As an LGO graduate, De Matteis benefited from the support network of over 50 other LGOs in Boeing. She also described how LGO helped prepare her to lead in a complex technical environment—for example, in knowing “when to stop collecting data and make a decision, and to understand the business and technical aspects of relations with suppliers.”
De Matteis talked about the satisfaction of working across her engineering area to collaborate with Boeing’s manufacturing research and development group in projects such as the introduction of a new aft door for the 777 freighter, where she helped develop new tools and introduce automated technology on the production shop floor.

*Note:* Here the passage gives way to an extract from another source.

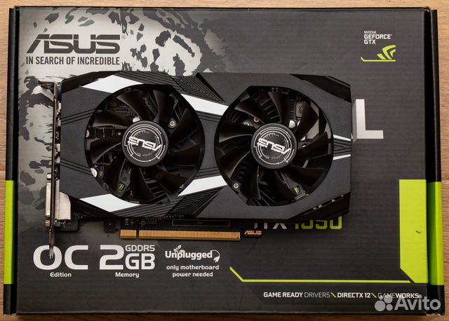 ASUS Dual GeForce GTX 1050 OC ( DUAL - GTX1050 -O2G-V2) Видеокарта поставляется в небольшой коробке без дополнительных переходников и каких-то аксессуаров .

Throughout her ascent at Boeing, De Matteis has sought to leverage diversity in many different dimensions. Based on the advice of her LGO network, she chose a shop-floor manufacturing role as her first job. In her unusual role as a foreign-born female supervisor, De Matteis (a native of Mexico) found she had to earn the trust of unionized employees and convince them that she was committed to the success of the whole team.
In learning about how people of different genders and cultures communicate in the workplace since then, De Matteis has aimed to understand how to “remove the noise and focus on technical decision-making” to collaborate effectively, she said.
De Matteis emphasized the importance of following your passion and understanding the pros and cons of working at a huge company like Boeing. Although a rotational program gave her an opportunity to move between “career flight axes”, one thing she learned from that experience was to avoid traversing all three at the same time. “In my next move, I won’t change my job level, network, and product line all at once,” she said.
For De Matteis, further development of the systems-thinking approaches she learned at LGO has spearheaded her growth as a leader in the past decade. She closed by recalling some of the LGO courses that are still relevant to her work, such as operations management, but focused mostly on how her “top-notch peers” in the program helped her set a course for a high-level career “cruising altitude” to which “the LGO education was intended to bring us.”